Weltweit (auch in Deutschland) werden diese Methoden ausprobiert, sowohl von Universitäts- als auch von Industrieforschern. So testeten die Firmen KWS und Planta (Einbeck) mehrere Möglichkeiten, Antibiotika-Resistenzgene gezielt aus gentechnisch veränderten Zuckerrüben wieder herauszuschneiden. Auch andere Möglichkeiten, Selektionsgene zu ersetzen, werden untersucht. Die Firma SunGene und das Institut für Pflanzengenetik und Kulturpflanzenforschung (beide Gatersleben) verwenden zur Selektion Gene, die es erfolgreich transformierten Pflanzen ermöglichen, neue Kohlehydrate wie Mannose, Palatinose oder 2-Deoxyglucose zu nutzen. Andere Forschergruppen setzen auf so genannte „Negative Marker“. Solche Marker werden zunächst bei der Transformation zur Selektion genutzt. Nach einer Kreuzung benutzt man den negativen Marker dagegen als Todesengel. Ganz ohne Marker lassen sich Pflanzen mit Hilfe von Mikroinjektionen transformieren. Dabei kann auf Markergene verzichtet werden, weil parallel zu der DNA ein Fluoreszenzfarbstoff injiziert wird, der sich über längere Zeit in der Vakuole hält und so die transformierte Zelle markiert.
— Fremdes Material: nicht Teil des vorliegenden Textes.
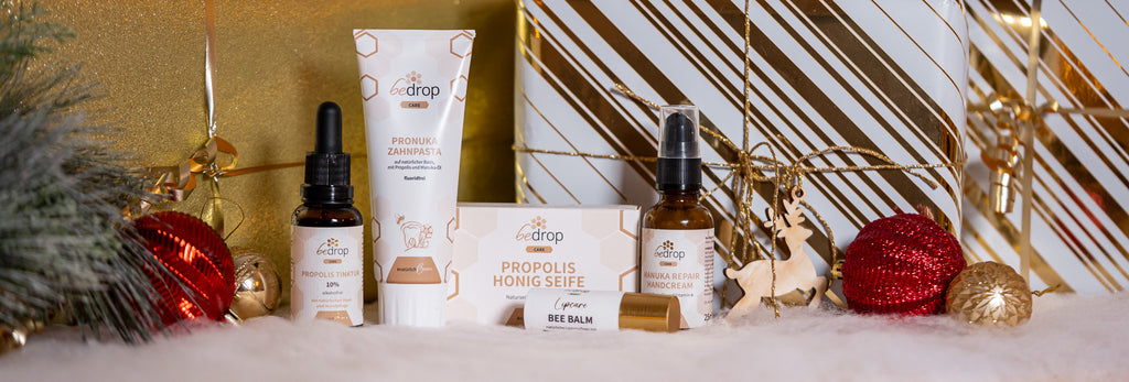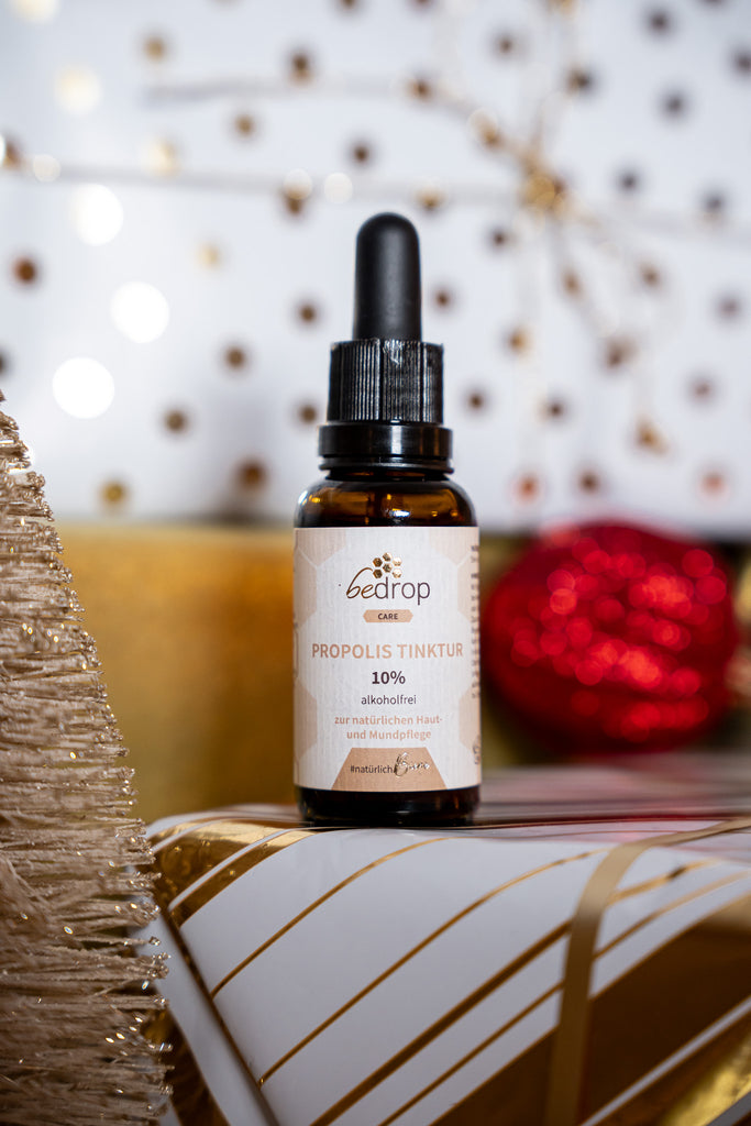 La propolis est le produit de l'abeille qui permet à la ruche de rester stérile et saine. Nous pouvons l'utiliser aussi bien pour notre bien-être que pour nos soins de la peau. Si tes proches souffrent par exemple de dermatite atopique ou d'acné, la teinture de propolis est une aide rapide pour les saisons froides. En même temps, c'est un soutien naturel pour le bien-être et un nez enrhumé.
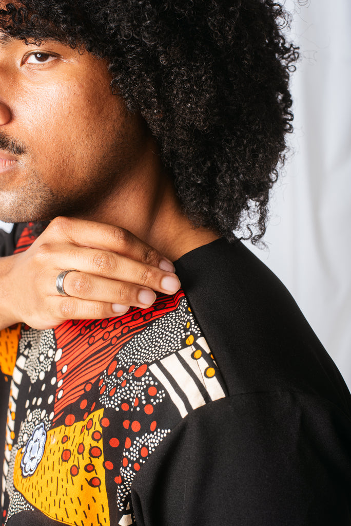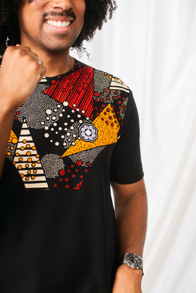 Featuring a clean crew neckline, back yoke with pleat, and a subtle zip detail, this tee combines structure with ease. Crafted in the Mahiri print — meaning vibrant — it stands as a bold expression of energy and connection.
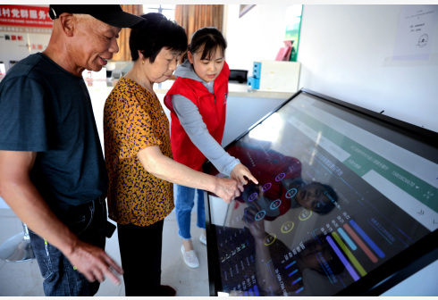 6月23日,在长兴县小浦镇光耀村便民服务大厅,巾帼志愿者通过生活垃圾分类智慧大数据平台,为村民讲解垃圾分类。

Die Industrie ist also wahrhaftig nicht auf die vermeintlichen „Produkte“ von Schiemann, Fladung und Töpfer angewiesen. Zu wünschen wäre es hingegen, wenn sich Ressortforscher wenigstens halbwegs up to date hielten, um bei der Bewertung transgener Pflanzen wirklich kompetent mitreden und die Politik beraten zu können, denn das ist ja ihre originäre Aufgabe. In dem Positionspapier „Forschen – prüfen – beraten“ der Bundesforschungseinrichtungen aus dem Jahr 2004 heißt es: „Für viele politische Entscheidungsprozesse, für Schutzaufgaben des Staates sowie für die Bereitstellung von technischer Infrastruktur werden auf wissenschaftlicher Basis stehende Analysen und Grundlagen benötigt, die eine steigende fachliche Kompetenz erfordern.“


Ob nun der schiere Erkenntnisgewinn und die Politikberatung beim BMVEL aber tatsächlich erwünscht sind, erscheint zweifelhaft. „Sehr häufig hat sich das Ministerium wissenschaftliche Beratung nicht bei den eigenen Mitarbeitern geholt, sondern Aufträge für Gutachten außer Haus gegeben“, kritisiert Ralph Bock. Dies geschah anscheinend selbst dann, wenn die BMVEL-angehörigen Forscher bereits Gutachten verfasst hatten. Besonders beliebt beim Verbraucherschutzministerium ist das Öko-Institut in Freiburg. Dessen einstige Chefin Beatrix Tappeser holten die Grünen übrigens unlängst ins Bundesamt für Naturschutz. Dort leitet die als ausgewiesene Gegnerin der grünen Biotechnik bekannte Biologin die Abteilung, die für die Bewertung gentechnisch veränderter Organismen im Rahmen von Zulassungen und Freisetzungen zuständig ist.


Warum aber hat das BMVEL die Projekte denn nun eigentlich gestoppt? Der Vorwurf der Produktentwicklung hält einer ernsthaften Überprüfung nicht stand – und mehr weiß man nicht. Anscheinend ist die ganze Sache lediglich eine der vielen Blüten, die das Reizthema „Grüne Gentechnik“ treibt. Zum Glück für den Erkenntnisgewinn und den Wissenschaftsstandort Deutschland können wenigstens zwei der nach Aussage vieler Gentech-Forscher viel versprechenden Projekte von Schiemann und Töpfer von anderen (Künast-unabhängigen) Arbeitsgruppen weitergeführt werden – Ministerin Bulmahn hat bereits ihre Finanzierung zugesagt.